[Given records]:
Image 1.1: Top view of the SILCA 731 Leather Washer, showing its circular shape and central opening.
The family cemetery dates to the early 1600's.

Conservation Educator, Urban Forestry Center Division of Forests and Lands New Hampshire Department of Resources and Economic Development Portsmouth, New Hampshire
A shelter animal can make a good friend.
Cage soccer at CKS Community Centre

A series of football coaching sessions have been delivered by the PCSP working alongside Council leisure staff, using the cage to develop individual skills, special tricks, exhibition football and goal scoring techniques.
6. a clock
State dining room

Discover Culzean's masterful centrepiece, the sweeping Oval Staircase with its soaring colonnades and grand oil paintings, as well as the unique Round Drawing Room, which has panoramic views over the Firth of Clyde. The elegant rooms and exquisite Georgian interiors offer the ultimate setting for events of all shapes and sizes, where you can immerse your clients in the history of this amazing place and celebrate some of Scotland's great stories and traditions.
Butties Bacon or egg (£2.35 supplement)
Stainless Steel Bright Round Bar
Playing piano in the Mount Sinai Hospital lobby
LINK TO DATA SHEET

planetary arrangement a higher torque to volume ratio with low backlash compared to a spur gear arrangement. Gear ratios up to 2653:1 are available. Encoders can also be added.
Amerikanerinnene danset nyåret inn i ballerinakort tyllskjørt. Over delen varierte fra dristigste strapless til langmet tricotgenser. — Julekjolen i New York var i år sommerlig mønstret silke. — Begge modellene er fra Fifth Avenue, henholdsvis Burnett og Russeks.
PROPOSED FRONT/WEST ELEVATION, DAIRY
* * *
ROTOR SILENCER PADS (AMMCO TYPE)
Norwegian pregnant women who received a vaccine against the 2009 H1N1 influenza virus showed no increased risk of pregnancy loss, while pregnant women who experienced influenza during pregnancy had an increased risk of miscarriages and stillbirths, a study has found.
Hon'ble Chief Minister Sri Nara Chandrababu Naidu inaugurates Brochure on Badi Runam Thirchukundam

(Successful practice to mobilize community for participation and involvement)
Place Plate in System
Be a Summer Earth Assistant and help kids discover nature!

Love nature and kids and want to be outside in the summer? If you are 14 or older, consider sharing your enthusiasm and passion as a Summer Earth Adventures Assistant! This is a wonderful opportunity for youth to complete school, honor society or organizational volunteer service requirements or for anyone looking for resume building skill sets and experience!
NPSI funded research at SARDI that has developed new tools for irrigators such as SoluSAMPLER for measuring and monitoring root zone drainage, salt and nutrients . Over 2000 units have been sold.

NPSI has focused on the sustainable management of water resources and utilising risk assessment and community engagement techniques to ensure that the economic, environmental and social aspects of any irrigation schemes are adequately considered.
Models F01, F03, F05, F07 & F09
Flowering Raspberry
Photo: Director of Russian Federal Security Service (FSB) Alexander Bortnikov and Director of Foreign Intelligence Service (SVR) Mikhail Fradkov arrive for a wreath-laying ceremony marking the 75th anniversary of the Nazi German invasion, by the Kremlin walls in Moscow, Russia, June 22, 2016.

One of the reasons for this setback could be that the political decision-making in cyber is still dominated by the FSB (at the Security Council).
--
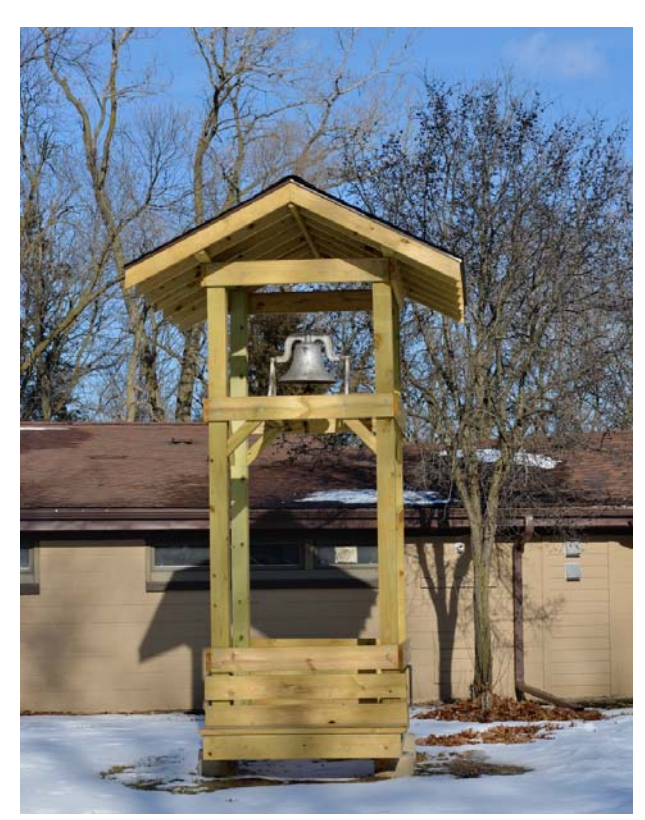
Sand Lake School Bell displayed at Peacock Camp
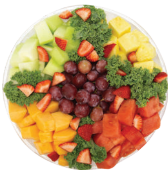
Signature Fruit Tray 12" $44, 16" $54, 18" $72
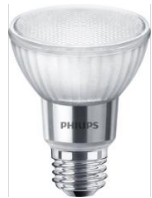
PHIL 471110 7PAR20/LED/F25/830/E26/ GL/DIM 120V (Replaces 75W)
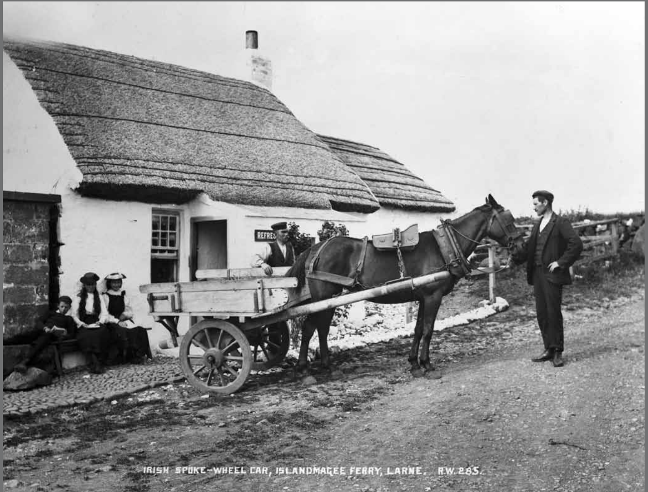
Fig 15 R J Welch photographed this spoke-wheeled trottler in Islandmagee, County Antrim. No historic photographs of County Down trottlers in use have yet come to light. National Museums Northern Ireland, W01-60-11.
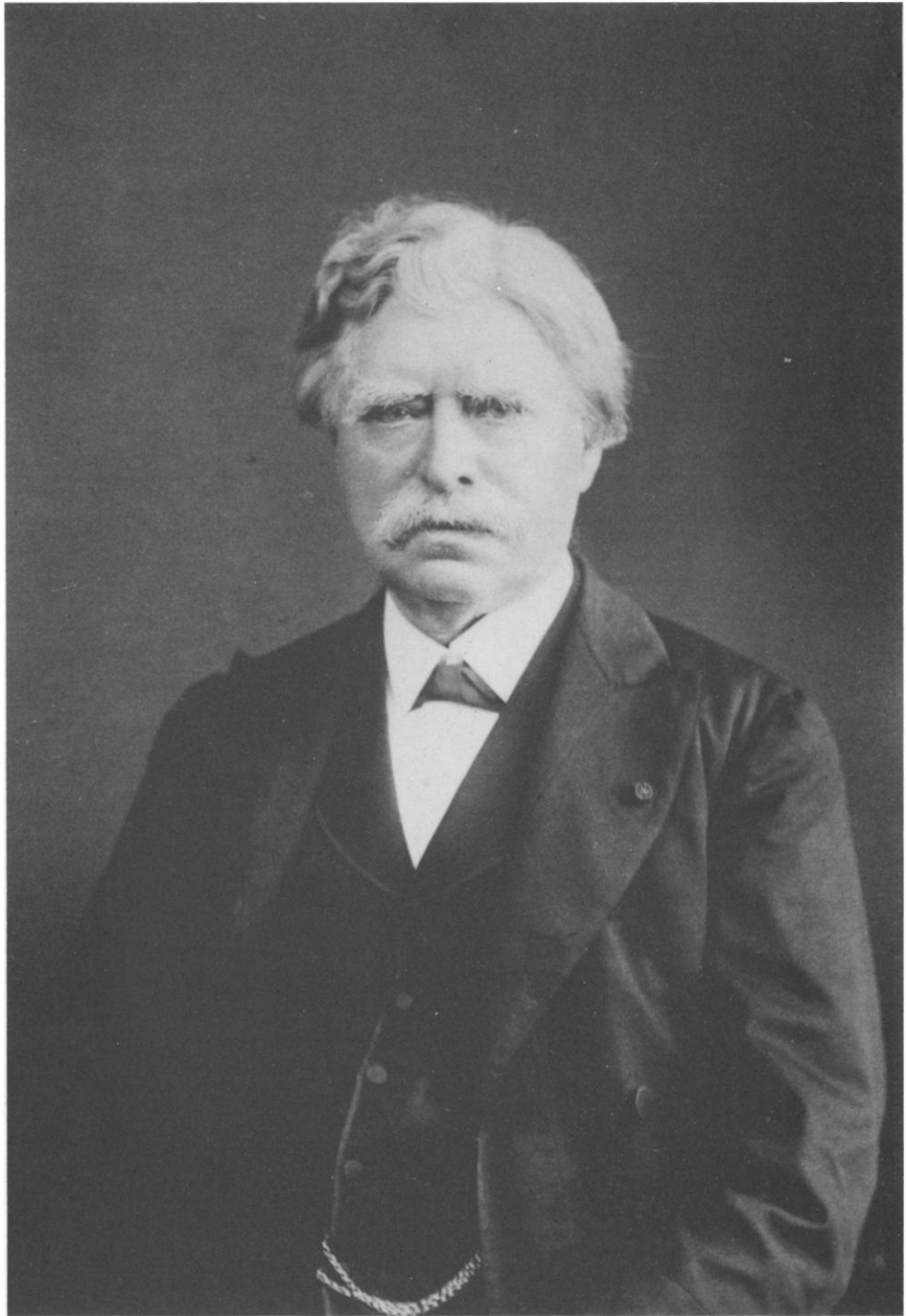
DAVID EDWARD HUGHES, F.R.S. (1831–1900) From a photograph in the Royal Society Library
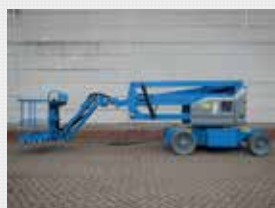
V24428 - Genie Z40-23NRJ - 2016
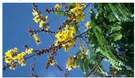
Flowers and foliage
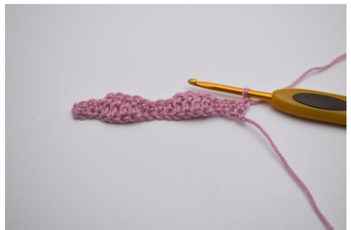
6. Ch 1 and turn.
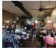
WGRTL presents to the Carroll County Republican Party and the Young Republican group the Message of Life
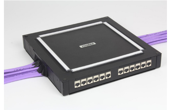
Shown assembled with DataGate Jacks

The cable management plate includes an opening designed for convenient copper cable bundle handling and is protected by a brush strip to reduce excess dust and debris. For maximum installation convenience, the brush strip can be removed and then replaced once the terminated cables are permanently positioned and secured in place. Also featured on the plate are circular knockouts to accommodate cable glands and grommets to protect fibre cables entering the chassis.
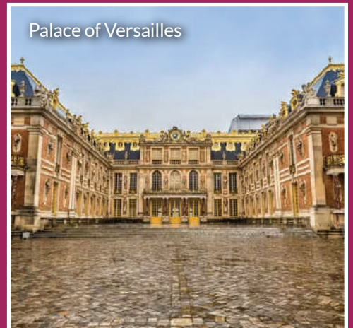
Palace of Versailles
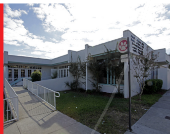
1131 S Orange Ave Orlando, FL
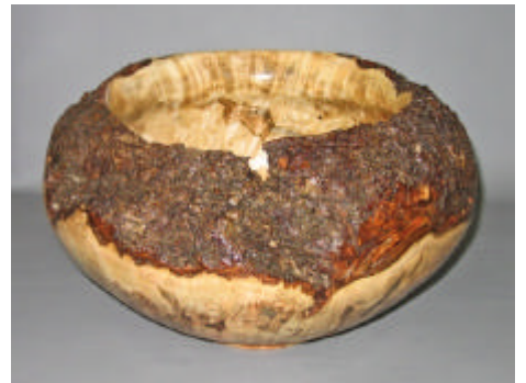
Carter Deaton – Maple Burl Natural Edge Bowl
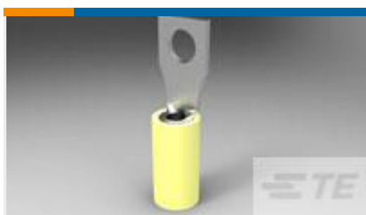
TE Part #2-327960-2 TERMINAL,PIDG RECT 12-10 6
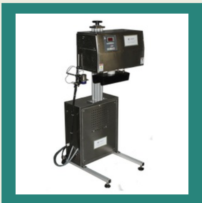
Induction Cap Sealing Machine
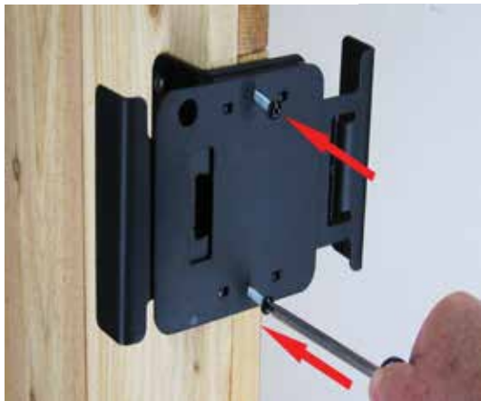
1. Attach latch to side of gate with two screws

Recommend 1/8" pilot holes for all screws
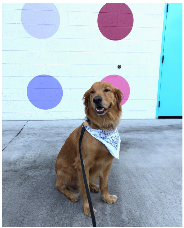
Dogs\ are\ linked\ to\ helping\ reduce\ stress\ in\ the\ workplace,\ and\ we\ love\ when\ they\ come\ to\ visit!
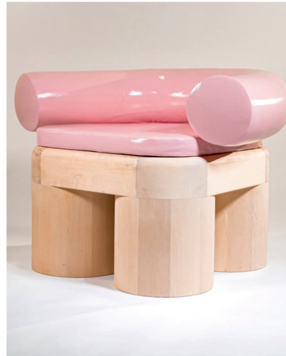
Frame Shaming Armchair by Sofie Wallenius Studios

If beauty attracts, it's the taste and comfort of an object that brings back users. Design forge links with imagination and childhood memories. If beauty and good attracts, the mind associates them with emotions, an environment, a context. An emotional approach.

[Task details]:
Each line of the entries holding the string "techniques" should be found and copied.

[Output below]:
A series of football coaching sessions have been delivered by the PCSP working alongside Council leisure staff, using the cage to develop individual skills, special tricks, exhibition football and goal scoring techniques.
NPSI has focused on the sustainable management of water resources and utilising risk assessment and community engagement techniques to ensure that the economic, environmental and social aspects of any irrigation schemes are adequately considered.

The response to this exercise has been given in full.